The first concert was for my son’s drum teacher, who plays in a popular 90s tribute band. He suggested that we attend a show at a fairly large venue in a nearby city and offered free tickets to lure us in. I felt obliged since he’s done such a good job training my son.
So, on a Friday night a few weeks ago, we hopped into the car and took off. When we arrived, I was immediately taken aback by the number of people (apparently the tribute business is thriving).
The band cranked out non-stop hits from acts like Stone Temple Pilots, Red Hot Chili Peppers and Pearl Jam. I could appreciate the musicianship and variety of styles, but my son was mostly mesmerized by how cool his drum teacher looked.
The next concert was for a band called Umphrey’s McGee. Known as a jam band because of their extended improvisations, UM is growing in popularity in the underground circuit.

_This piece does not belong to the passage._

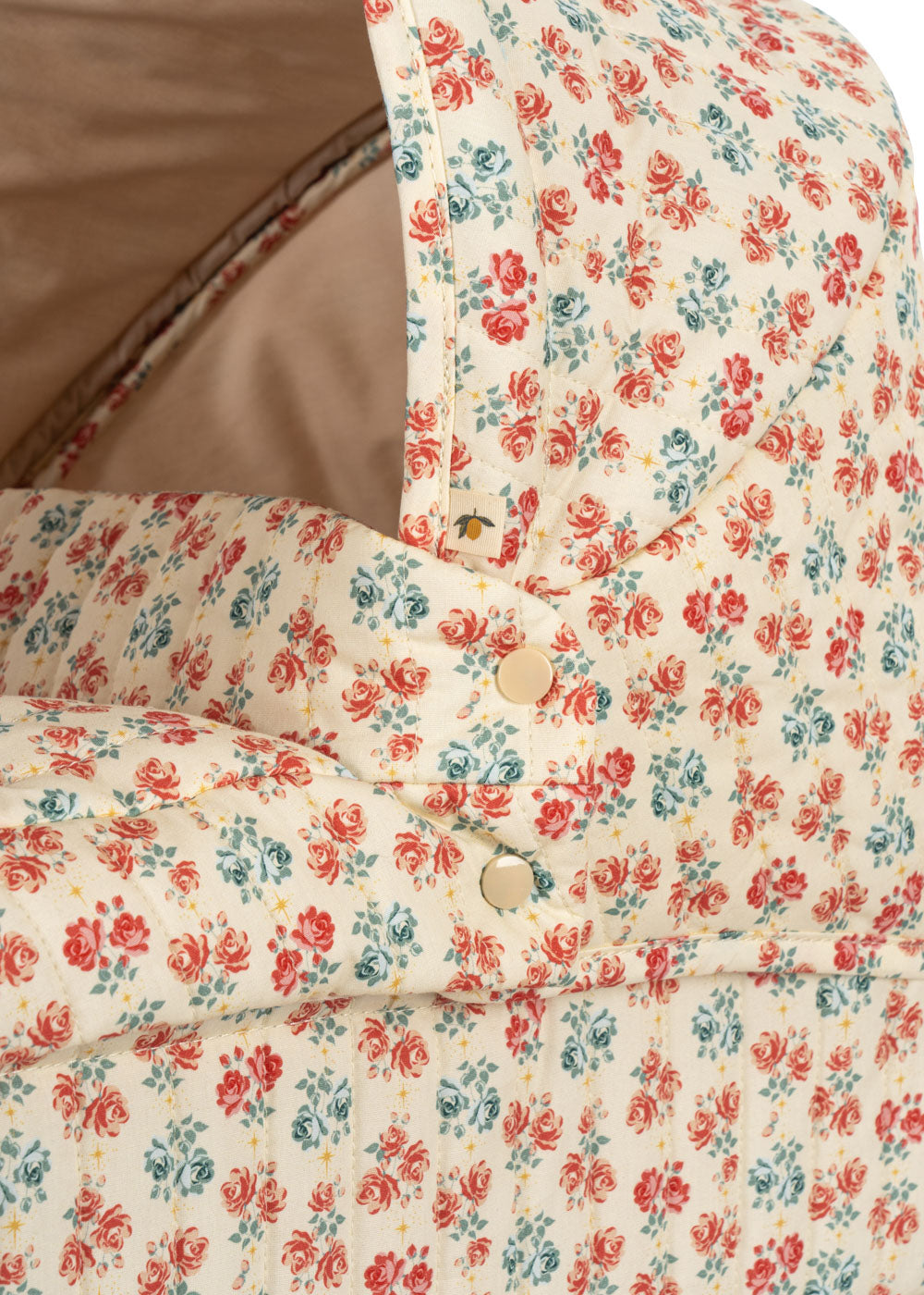 Foderato con tessuto trapuntato e rifinito con delicati bordi smerlati

I had received a tip to check them out after I mentioned to someone at work that I liked Phish and the Grateful Dead.
After a few days of listening and a growing appreciation, I serendipitously checked online to see where the band was touring. And wouldn’t you know it, a week later they were going to be only an hour away at a popular outdoor amphitheater. Needless to say, I bought tickets immediately and made plans to attend.
The show featured tight musicianship and a loyal crowd happy to be in their presence. Both my son and I enjoyed the vibe of live music on a warm summer night, but he was admittedly taken aback by the strange dancing of numerous patrons (think modernized Dead Heads). I also didn’t bite when he inquired about the “funny” smells wafting through the crowd.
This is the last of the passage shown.